- Born: August 28, 1927 New York City, U.S.
- Died: February 6, 2013 (aged 85) Damariscotta, Maine, U.S.
- Education: Swarthmore College Tufts University
- Scientific career
- Fields: Biochemistry

= Betty Twarog =

American biochemist (1927–2013)

Betty Mack Twarog (August 28, 1927 – February 6, 2013) was an American neurophysiologist who first discovered serotonin in the mammalian brain in 1952.

It was "one of the most important scientific discoveries of the twentieth century, one that hanged the course of neuroscience and medicine and set off a revolution in the way we think of ourselves", wrote the psychologist Gary Greenberg in his book about depression.

Twarog "laid the cornerstone of the antidepressant revolution" that began in 1978 with antidepressant SSRI medicines. Her research involved mollusks and other ocean animals, and focused on smooth muscle chemical basis of nerve–muscle interaction.

== Life and career ==
Betty Twarog was born on August 28, 1927, in New York City, where she graduated from Hunter College High School. She studied mathematics at Swarthmore College from 1944 to 1948, and then studied for a master's of science from Tufts College, where she heard a lecture on mollusc muscle neurology. The lecture inspired her to enroll, in 1949, in a PhD under John Welsh at Harvard University.

By 1952, she submitted a paper to Journal of Cell Physiology showing that serotonin had a role as a neurotransmitter in mussels. Her hypothesis went against established ideas about the nervous system, and the journal editor Detlev Bronk (president of Johns Hopkins University) ignored it until her advisor John Welsh called him to ask the paper's status. During the time it had gone unpublished, other researchers had published similar discoveries about serotonin, in support of Twarog's conclusion.

Bronk eventually published Twarog's paper in 1954, but she is nonetheless recognized as the first.

In autumn 1952 Twarog moved for family reasons to the Kent State University area, and chose the Cleveland Clinic as a place to continue her study of her hypothesis that invertebrate neurotransmitters would also be found in mammals. Irvine Page did not believe serotonin would be found in the brain, he nevertheless gave Twarog a laboratory and technician. By June 1953 a paper was submitted announcing the isolation of serotonin in mammalian brain.

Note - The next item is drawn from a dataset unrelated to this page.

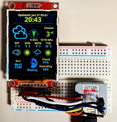 以前購入した ATOM Lite これも ESP32 のお友達なので TFT_eSPI_OpenWeather をインストールしてみました。画像・アイコンの一部表示されません。

Twarog left the Cleveland Clinic in 1954. She held appointments at Harvard, SUNY at Stony Brook, York University School of Medicine, University of Pennsylvania, Bryn Mawr. She was among the most prominent professors at Tufts University before she left in 1975 due to what she called "a systemic pattern of underpaying women". She was awarded a Guggenheim Fellowship in 1972.

In 1990, Twarog moved to Maine, where she was involved with research at the Bigelow Laboratory for Ocean Sciences in the town of Boothbay Harbor. She then joined the University of Maine's Darling Marine Laboratory to study how shellfish evade phytoplankton using ocean samples from the Boothbay Harbor.

== Personal life ==
Twarog was widely curious and well-read. She enjoyed murder mysteries, opera and classical music, and conservationism causes. In the last two decades of her life, she spent time birdwatching on her property in Edgecomb, Maine. "She also enjoyed a large and eclectic group of friends and acquaintances", said her obituary.

She was described as "a slightly built woman with ramrod-straight posture and long dark hair drawn back tightly from a dramatic widow’s peak", in Manufacturing Depression by Gary Greenberg

Twarog died on February 6, 2013, at the age of 85 in Damariscotta, Maine.